Selective mitochondrial K(ATP) channel activation results in antiarrhythmic effect during experimental myocardial ischemia/reperfusion in anesthetized rabbits.

作者信息

Das Biswadeep, Sarkar Chayna, Karanth K Sudhakar

机构信息

Department of Pharmacology, Kasturba Medical College, Manipal, Karnataka, 576119, India.

出版信息

Eur J Pharmacol. 2002 Feb 22;437(3):165-71. doi: 10.1016/s0014-2999(02)01277-3.

Abstract

We investigated the effects of administration of non-hypotensive doses of ATP-sensitive K+ channel (K(ATP)) openers (nicorandil and aprikalim), and a specific mitochondrial K(ATP) channel blocker (5-hydroxydecanoate) prior to and during coronary occlusion as well as prior to and during post-ischemic reperfusion on survival rate, ischemia/reperfusion-induced arrhythmias and myocardial infarct size in anesthetized albino rabbits. Arrhythmias were induced by reperfusion following a 20 min ligation of the left main coronary artery with a releaseable silk ligature. Early intervention by intravenous infusion of nicorandil (100 microg/kg bolus+10 microg/kg/min) or aprikalim (10 microg/kg bolus+0.1 microg/kg/min) just before and during ischemia increased survival rate (86% and 75% vs. 55% in the control group), significantly decreased the incidence and severity of life-threatening arrhythmias and myocardial infarct size. The antiarrhythmic and cardioprotective effects of both nicorandil and aprikalim were abolished by pretreating the rabbits with 5-hydroxydecanoate (5 mg/kg, i.v. bolus).
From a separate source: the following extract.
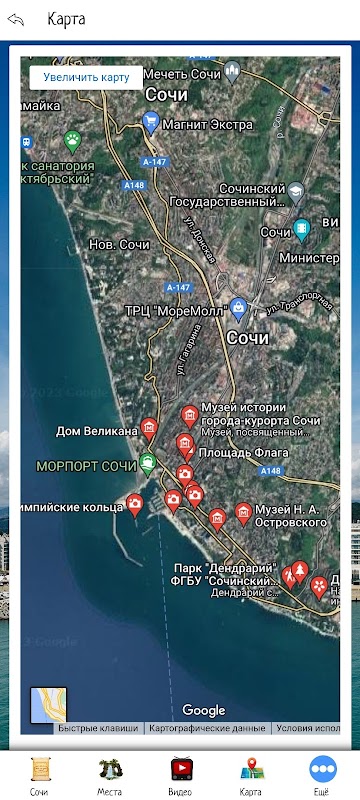 In deze applicatie kun je een eerste kennismaking met de stad Sochi maken, een plaats kiezen om te reizen door de bezienswaardigheden en videorecensies te bekijken. Ook in de applicatie is er informatie over excursiebureaus en hotels die hun diensten aanbieden in Sochi.

In conclusion, intervention by intravenous administration of nicorandil and aprikalim (through the selective activation of mitochondrial K(ATP) channels) increased survival rate and exhibited antiarrhythmic and cardioprotective effects during coronary occlusion and reperfusion in anesthetized rabbits when administered prior to and during coronary occlusion.

摘要

我们研究了在麻醉的白化兔冠状动脉闭塞期间及之前、缺血后再灌注期间及之前,给予非降压剂量的三磷酸腺苷敏感性钾通道(K(ATP))开放剂(尼可地尔和阿普卡林)以及一种特异性线粒体K(ATP)通道阻滞剂(5-羟基癸酸)对存活率、缺血/再灌注诱导的心律失常和心肌梗死面积的影响。心律失常通过用可松解的丝线结扎左主冠状动脉20分钟后再灌注诱导产生。在缺血前及缺血期间通过静脉输注尼可地尔(100微克/千克推注+10微克/千克/分钟)或阿普卡林(10微克/千克推注+0.1微克/千克/分钟)进行早期干预可提高存活率(分别为86%和75%,而对照组为55%),显著降低危及生命的心律失常的发生率和严重程度以及心肌梗死面积。用5-羟基癸酸(5毫克/千克,静脉推注)预处理兔子可消除尼可地尔和阿普卡林的抗心律失常和心脏保护作用。总之,在冠状动脉闭塞前及闭塞期间静脉给予尼可地尔和阿普卡林(通过选择性激活线粒体K(ATP)通道)进行干预可提高存活率,并在麻醉兔冠状动脉闭塞和再灌注期间表现出抗心律失常和心脏保护作用。